Introduction

Annual mean global temperature has increased by 0.78 °C since the beginning of the 20th century (Mosbrugger 2012). Even though warming will not occur everywhere on earth (Kosaka and Xie 2013), there will be regions with elevated temperature. Global temperature is expected to rise between 3 °C and 5 °C by 2100 (Kromp-Kolb et al. 2014). If global warming reaches 2 °C, its impact on ecosystems worldwide will increase rapidly. A further increase can lead to more and more ecosystems collapsing (Warren et al. 2011). Even though increase of temperature is not the only ecosystem harming consequence of climate change, it is one of the strongest (Walther et al. 2002; Parmesan 2006). The impacts on agricultural ecosystems are difficult to foresee, but agricultural management is expected to face many challenges in the future (Adams et al. 1998; Howden et al. 2007). Biological pest control could be one of these challenges. The European parliament has demanded more biological pest control to reduce the use of pesticides (Buzek and Malmström 2009). Extensive knowledge of pest organisms and control agents will be essential to establish and stabilize effective biological pest management, especially at changing environmental conditions. The present study, which covers scenarios with elevated temperatures, is designed for regions that are undergoing temperature increases, such as Central Europe. In Austria, an increase of more than 1 °C is forecasted for the first half of this century. The second half of this century will strongly depend on future anthropogenic activities (Kromp-Kolb et al. 2014). There is a long history of using lady beetles as biological control agents against aphids (Hodek et al. 2012). Being ectothermic, both Coccinellidae and aphids, and their interactions, are highly affected by temperature (Sentis et al. 2012; Zhang et al. 2015; Raak-van den Berg et al. 2017).

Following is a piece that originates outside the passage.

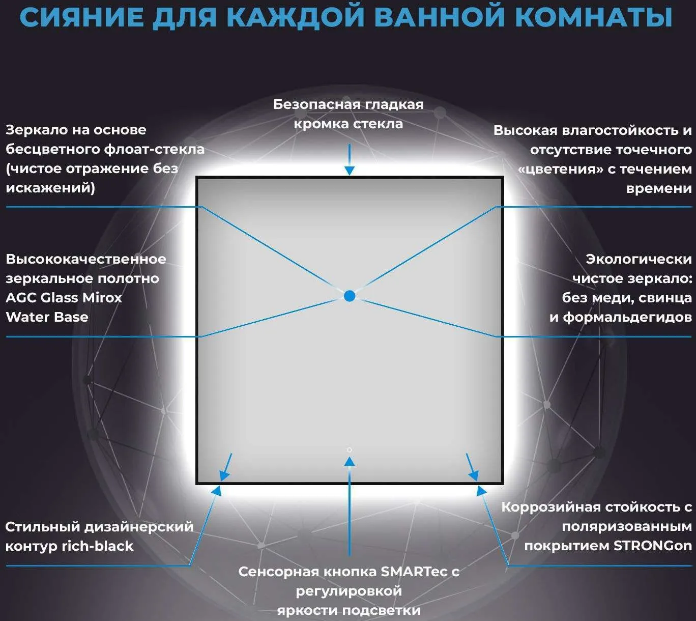 Безупречное японское стекло — результат непрерывного развития технологий, оно соответствует единой системе защиты от коррозии и отсутствию точечного «цветения» с течением времени. Периметр зеркального полотна декорирован тонким черным контуром, при облучении которого, отверждаемые УФ-чернила значительно повышают прочность сцепления.
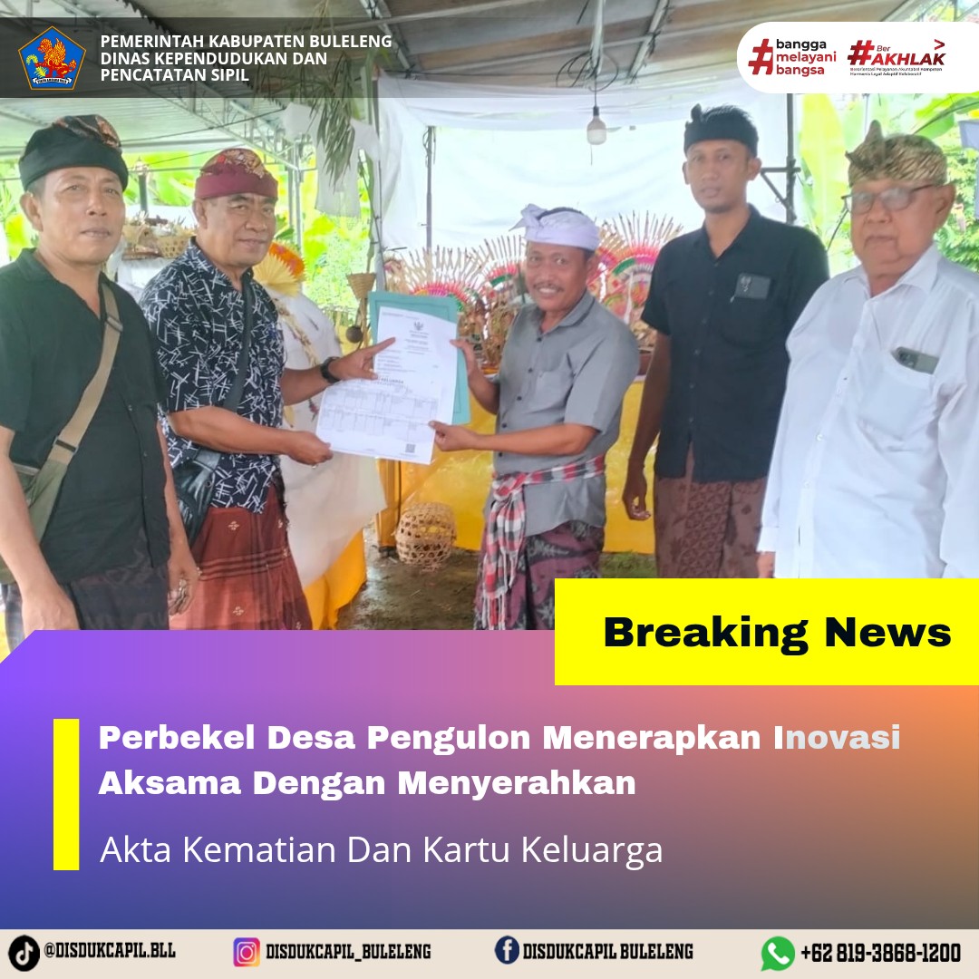 Pemerintah Kabupaten Buleleng melalui Dinas Kependudukan dan Pecatatan Sipil (Disdukcapil) Kabupaten Buleleng memaksimalkan serta mempermudah pelayanan kependudukan masyarakat dengan beberapa inovasi, yakni BALITA (Bayi Lahir Berakta), NYAKSI (Menyerahkan Akta Kawin Saat Acara Perkawinan) dan AKSAMA ( Akta Kematian Diserahkan Saat Masih Berduka) melalui aplikasi Aku Online. Di Desa Pengulon Kecamatan Gerokgak, telah diterapkan program Aksama (Akta Kematian Diserahkan Saat Masih Berduka) yang dilakukan secara langsung oleh Perbekel Desa Pengulon Drs. I Nyoman Juliana didampingi KBD. Munduk Sari, KBD. Bukit Sari, Kelian Subak Sawah dengan menyerahkan Akta Kematian atas nama Ketut Nik dan Kartu Keluarga atas nama Luh Mangku kepada warga yang diterima oleh KBA. Tegallantang di Desa Pengulon Kecamatan Gerokgak, Kamis (23/1).

Adults and larvae of the two-spot lady beetle (Adalia bipunctata Linnaeus; Coleoptera: Coccinellidae), the seven-spot lady beetle (Coccinella septempunctata Linnaeus; Coleoptera: Coccinellidae) and the harlequin lady beetle (Harmonia axyridis Pallas; Coleoptera: Coccinellidae) were tested, feeding on the pea aphid Acyrthosiphon pisum Harris (Hemiptera: Aphididae). Adalia bipunctata and C. septempunctata rank among the most common lady beetle species in Europe. Both are native and have been commercially used for biological pest control for decades (Omkar 2005; Hodek and Michaud 2008). Harmonia axyridis has become very common in Europe, where it is not native (Roy et al. 2016). This alien species is originally native to China, Japan, Korea, Mongolia and Siberia (Orlova-Bienkowskaja et al. 2015). In the 1960s, H. axyridis was first used as a biological control agent (Katsoyannos et al. 1997). In the 1980s H. axyridis was used as a biological control agent in Ukraine, and was later used in the rest of Europe (Adriaens et al. 2008). At this point, H. axyridis began to establish in the wild, where it is since considered both a biological control agent and an invasive species potentially threatening native lady beetles, particularly A. bipunctata (Camacho-Cervantes et al. 2017; Brown and Roy 2018). In Central Europe, the species can achieve between two and three generations per year (Honek et al. 2018). These three species are important biological control agents, which may be the reason why they are among the five lady beetle species that were most studied between 1995 and 2004 (Sloggett 2005).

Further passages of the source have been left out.